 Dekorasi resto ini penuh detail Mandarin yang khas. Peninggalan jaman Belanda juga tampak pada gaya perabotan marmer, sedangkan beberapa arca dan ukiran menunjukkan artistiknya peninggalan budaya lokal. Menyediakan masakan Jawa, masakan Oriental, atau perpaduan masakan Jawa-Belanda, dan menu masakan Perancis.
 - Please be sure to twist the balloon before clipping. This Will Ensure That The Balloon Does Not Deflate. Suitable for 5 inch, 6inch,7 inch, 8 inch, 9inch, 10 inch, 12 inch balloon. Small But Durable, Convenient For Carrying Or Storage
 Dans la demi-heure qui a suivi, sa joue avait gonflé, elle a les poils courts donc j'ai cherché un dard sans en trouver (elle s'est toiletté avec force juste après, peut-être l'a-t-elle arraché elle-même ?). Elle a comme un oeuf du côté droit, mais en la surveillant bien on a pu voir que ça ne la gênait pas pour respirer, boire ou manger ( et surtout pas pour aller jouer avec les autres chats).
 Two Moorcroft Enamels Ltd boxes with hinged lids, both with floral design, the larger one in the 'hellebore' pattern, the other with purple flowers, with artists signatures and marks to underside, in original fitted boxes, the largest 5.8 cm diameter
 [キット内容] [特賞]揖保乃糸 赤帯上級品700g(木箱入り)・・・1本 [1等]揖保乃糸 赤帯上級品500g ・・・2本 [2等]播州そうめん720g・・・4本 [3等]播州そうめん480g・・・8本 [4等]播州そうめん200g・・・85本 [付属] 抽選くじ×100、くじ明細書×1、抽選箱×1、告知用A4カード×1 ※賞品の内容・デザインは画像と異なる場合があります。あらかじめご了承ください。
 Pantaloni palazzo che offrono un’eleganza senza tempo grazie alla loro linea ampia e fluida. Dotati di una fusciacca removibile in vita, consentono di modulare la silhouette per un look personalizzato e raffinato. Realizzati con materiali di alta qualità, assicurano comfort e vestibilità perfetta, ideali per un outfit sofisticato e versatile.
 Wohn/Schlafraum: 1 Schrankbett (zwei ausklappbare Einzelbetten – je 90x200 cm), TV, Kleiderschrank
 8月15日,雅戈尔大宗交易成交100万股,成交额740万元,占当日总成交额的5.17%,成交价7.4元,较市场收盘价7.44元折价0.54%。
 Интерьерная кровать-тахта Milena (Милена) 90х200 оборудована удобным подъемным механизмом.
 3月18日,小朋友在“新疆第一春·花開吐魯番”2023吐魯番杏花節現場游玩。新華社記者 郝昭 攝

What you should do »
Every line of the material is to be transcribed exactly.

Answer to this task »
 Dekorasi resto ini penuh detail Mandarin yang khas. Peninggalan jaman Belanda juga tampak pada gaya perabotan marmer, sedangkan beberapa arca dan ukiran menunjukkan artistiknya peninggalan budaya lokal. Menyediakan masakan Jawa, masakan Oriental, atau perpaduan masakan Jawa-Belanda, dan menu masakan Perancis.
 - Please be sure to twist the balloon before clipping. This Will Ensure That The Balloon Does Not Deflate. Suitable for 5 inch, 6inch,7 inch, 8 inch, 9inch, 10 inch, 12 inch balloon. Small But Durable, Convenient For Carrying Or Storage
 Dans la demi-heure qui a suivi, sa joue avait gonflé, elle a les poils courts donc j'ai cherché un dard sans en trouver (elle s'est toiletté avec force juste après, peut-être l'a-t-elle arraché elle-même ?). Elle a comme un oeuf du côté droit, mais en la surveillant bien on a pu voir que ça ne la gênait pas pour respirer, boire ou manger ( et surtout pas pour aller jouer avec les autres chats).
 Two Moorcroft Enamels Ltd boxes with hinged lids, both with floral design, the larger one in the 'hellebore' pattern, the other with purple flowers, with artists signatures and marks to underside, in original fitted boxes, the largest 5.8 cm diameter
 [キット内容] [特賞]揖保乃糸 赤帯上級品700g(木箱入り)・・・1本 [1等]揖保乃糸 赤帯上級品500g ・・・2本 [2等]播州そうめん720g・・・4本 [3等]播州そうめん480g・・・8本 [4等]播州そうめん200g・・・85本 [付属] 抽選くじ×100、くじ明細書×1、抽選箱×1、告知用A4カード×1 ※賞品の内容・デザインは画像と異なる場合があります。あらかじめご了承ください。
 Pantaloni palazzo che offrono un’eleganza senza tempo grazie alla loro linea ampia e fluida. Dotati di una fusciacca removibile in vita, consentono di modulare la silhouette per un look personalizzato e raffinato. Realizzati con materiali di alta qualità, assicurano comfort e vestibilità perfetta, ideali per un outfit sofisticato e versatile.
 Wohn/Schlafraum: 1 Schrankbett (zwei ausklappbare Einzelbetten – je 90x200 cm), TV, Kleiderschrank
 8月15日,雅戈尔大宗交易成交100万股,成交额740万元,占当日总成交额的5.17%,成交价7.4元,较市场收盘价7.44元折价0.54%。
 Интерьерная кровать-тахта Milena (Милена) 90х200 оборудована удобным подъемным механизмом.
 3月18日,小朋友在“新疆第一春·花開吐魯番”2023吐魯番杏花節現場游玩。新華社記者 郝昭 攝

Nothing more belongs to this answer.